→ **Exercise**
Only one stretch of the records below should be repeated. It starts with the line containing "Podemos continuar con" and goes on through the line containing "產(chǎn)品名稱 商用-唯潔雅E700A雙層餐巾紙-50張 貨號(hào)", exactly as written.

(Beginning of Information supplied)

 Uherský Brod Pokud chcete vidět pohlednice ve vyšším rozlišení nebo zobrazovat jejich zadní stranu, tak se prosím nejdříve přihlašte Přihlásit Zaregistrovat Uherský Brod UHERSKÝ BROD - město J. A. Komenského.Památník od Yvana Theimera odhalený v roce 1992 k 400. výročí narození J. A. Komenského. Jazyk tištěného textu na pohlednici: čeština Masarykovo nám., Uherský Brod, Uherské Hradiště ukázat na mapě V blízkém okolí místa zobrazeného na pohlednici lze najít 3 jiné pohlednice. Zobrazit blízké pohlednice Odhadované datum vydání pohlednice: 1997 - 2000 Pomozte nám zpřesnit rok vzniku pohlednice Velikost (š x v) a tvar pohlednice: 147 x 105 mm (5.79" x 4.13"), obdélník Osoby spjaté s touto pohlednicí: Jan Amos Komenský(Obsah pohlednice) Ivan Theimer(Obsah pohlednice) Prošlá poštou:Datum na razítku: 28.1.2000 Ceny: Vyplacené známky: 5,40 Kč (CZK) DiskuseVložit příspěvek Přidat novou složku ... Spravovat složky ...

(End of Information supplied)
(Beginning of Information supplied)

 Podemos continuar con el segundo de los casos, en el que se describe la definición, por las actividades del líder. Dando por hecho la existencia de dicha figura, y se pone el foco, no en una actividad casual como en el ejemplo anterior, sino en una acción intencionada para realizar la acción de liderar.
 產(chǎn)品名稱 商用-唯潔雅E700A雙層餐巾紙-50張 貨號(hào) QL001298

(End of Information supplied)

→ **Result**
 Podemos continuar con el segundo de los casos, en el que se describe la definición, por las actividades del líder. Dando por hecho la existencia de dicha figura, y se pone el foco, no en una actividad casual como en el ejemplo anterior, sino en una acción intencionada para realizar la acción de liderar.
 產(chǎn)品名稱 商用-唯潔雅E700A雙層餐巾紙-50張 貨號(hào) QL001298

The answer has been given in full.